REQUIREMENT:
The pictures in the data below are to be omitted; all else must be duplicated exactly.

DATA PROVIDED:
◆ ◆ ◆ ◆ ◆

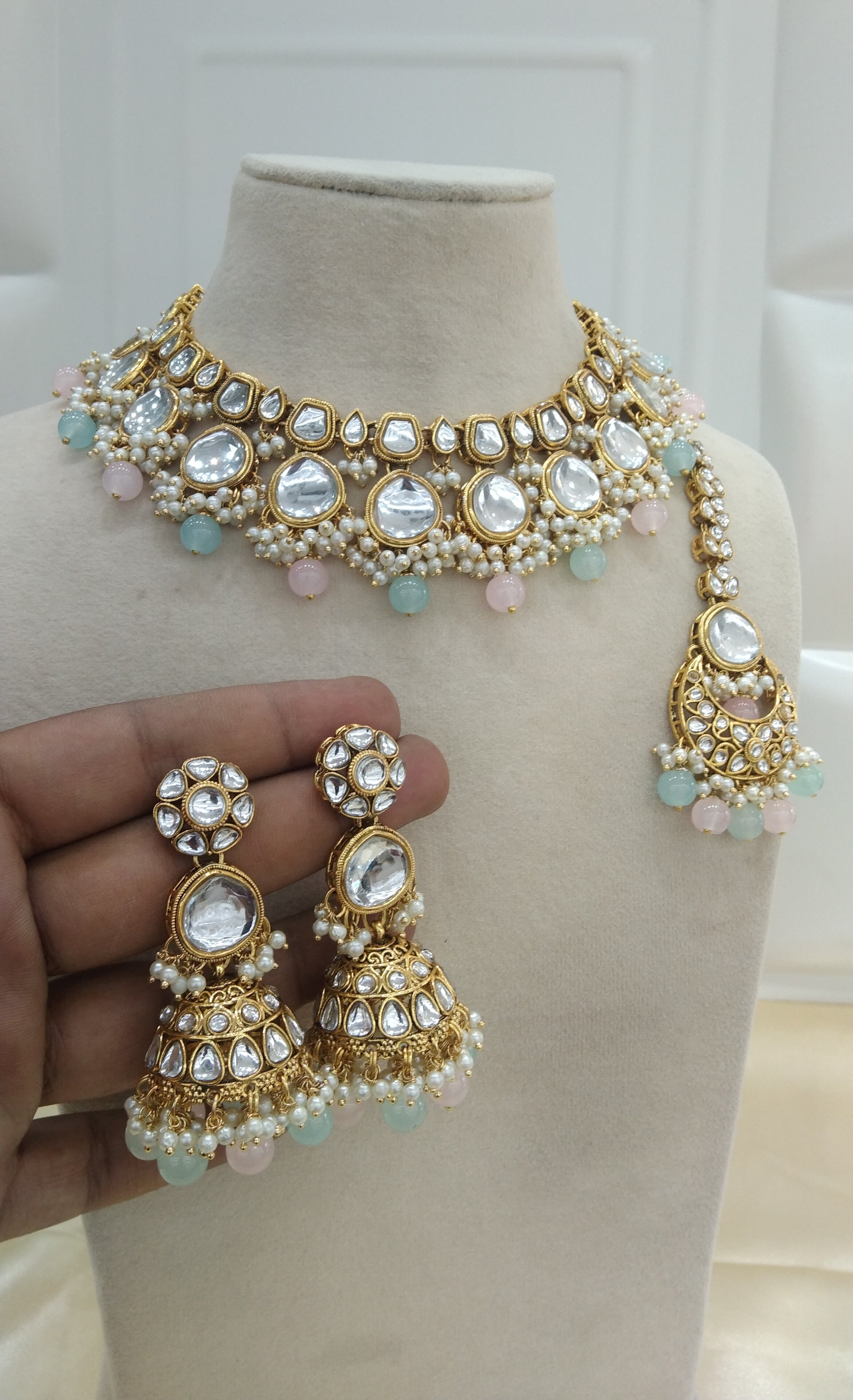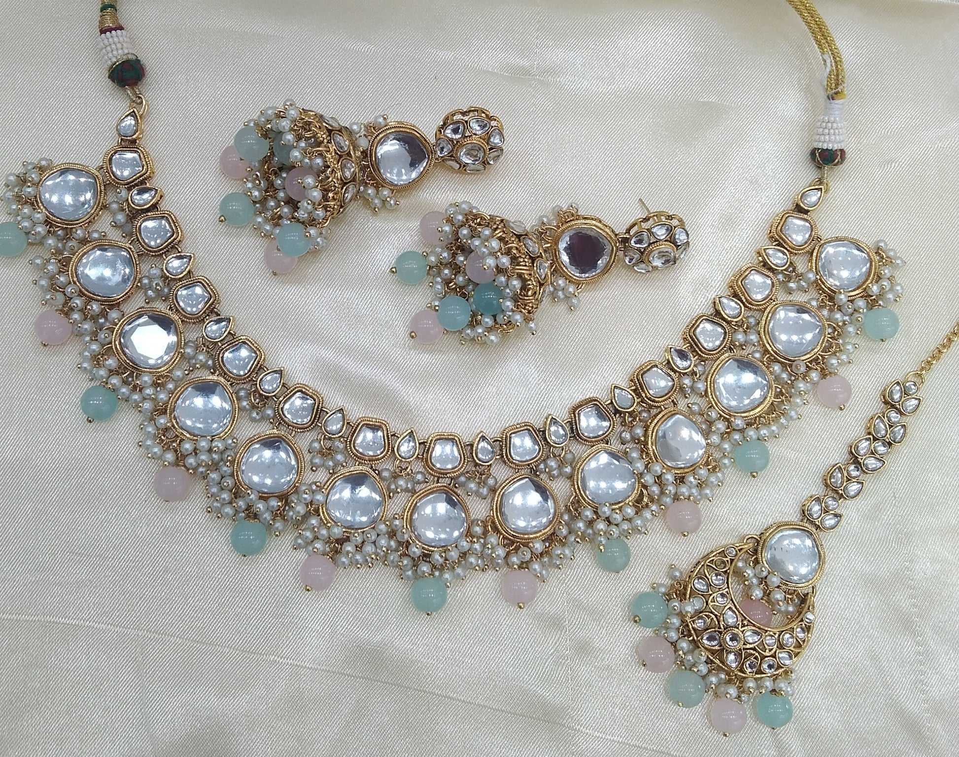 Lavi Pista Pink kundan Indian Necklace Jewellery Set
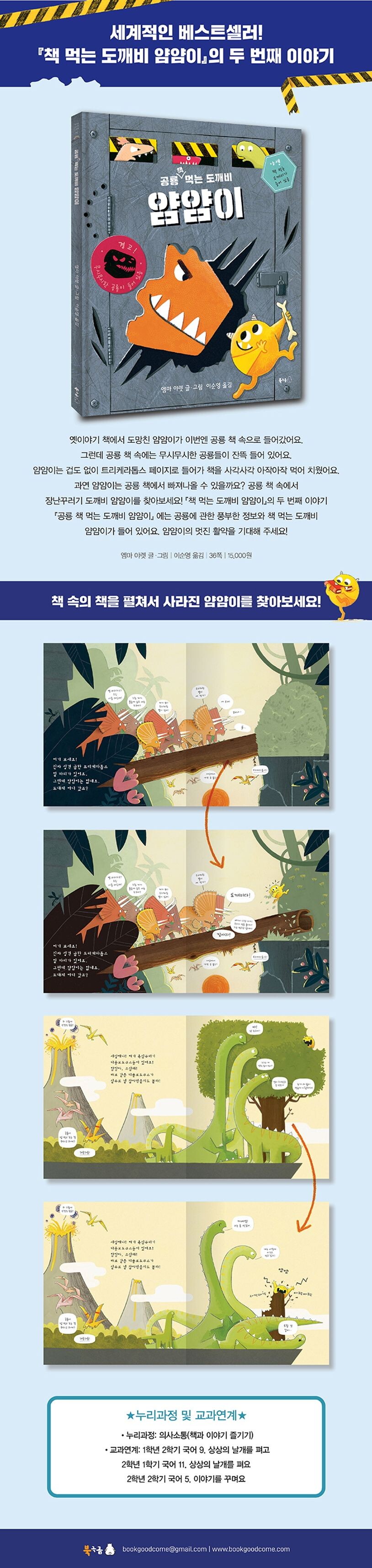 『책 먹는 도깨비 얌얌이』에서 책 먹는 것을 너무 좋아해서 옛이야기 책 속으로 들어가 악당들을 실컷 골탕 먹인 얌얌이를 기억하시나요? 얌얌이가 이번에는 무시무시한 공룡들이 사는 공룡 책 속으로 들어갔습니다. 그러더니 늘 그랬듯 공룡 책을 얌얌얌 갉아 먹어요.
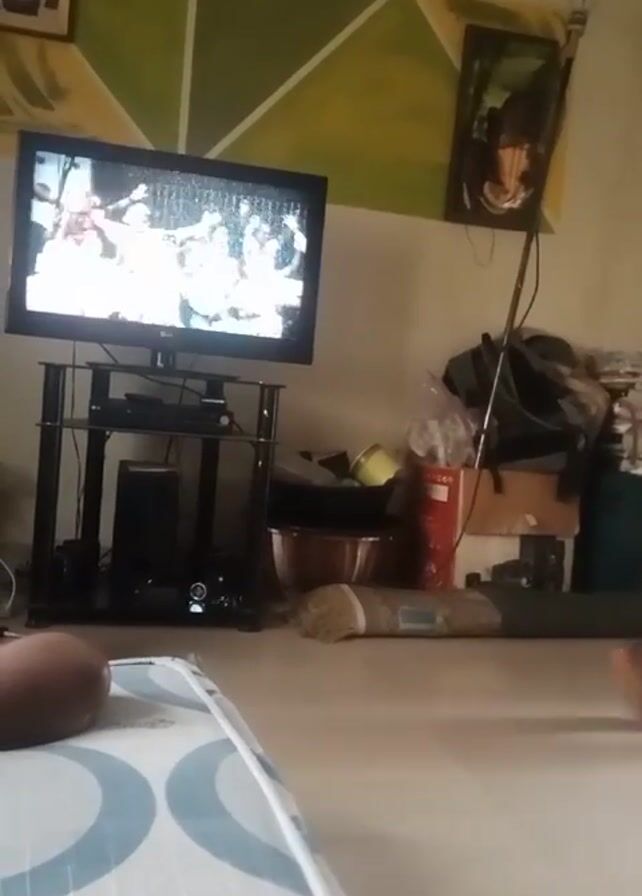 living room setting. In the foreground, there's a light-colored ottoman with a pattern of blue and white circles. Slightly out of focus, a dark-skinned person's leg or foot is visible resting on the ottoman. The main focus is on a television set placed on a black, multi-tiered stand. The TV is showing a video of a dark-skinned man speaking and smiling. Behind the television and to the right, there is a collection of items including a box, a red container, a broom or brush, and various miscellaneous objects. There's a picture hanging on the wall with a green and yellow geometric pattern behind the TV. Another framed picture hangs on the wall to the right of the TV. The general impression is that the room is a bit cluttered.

◆ ◆ ◆ ◆ ◆

RESULT FOR THIS TASK:
 Lavi Pista Pink kundan Indian Necklace Jewellery Set
 『책 먹는 도깨비 얌얌이』에서 책 먹는 것을 너무 좋아해서 옛이야기 책 속으로 들어가 악당들을 실컷 골탕 먹인 얌얌이를 기억하시나요? 얌얌이가 이번에는 무시무시한 공룡들이 사는 공룡 책 속으로 들어갔습니다. 그러더니 늘 그랬듯 공룡 책을 얌얌얌 갉아 먹어요.
 living room setting. In the foreground, there's a light-colored ottoman with a pattern of blue and white circles. Slightly out of focus, a dark-skinned person's leg or foot is visible resting on the ottoman. The main focus is on a television set placed on a black, multi-tiered stand. The TV is showing a video of a dark-skinned man speaking and smiling. Behind the television and to the right, there is a collection of items including a box, a red container, a broom or brush, and various miscellaneous objects. There's a picture hanging on the wall with a green and yellow geometric pattern behind the TV. Another framed picture hangs on the wall to the right of the TV. The general impression is that the room is a bit cluttered.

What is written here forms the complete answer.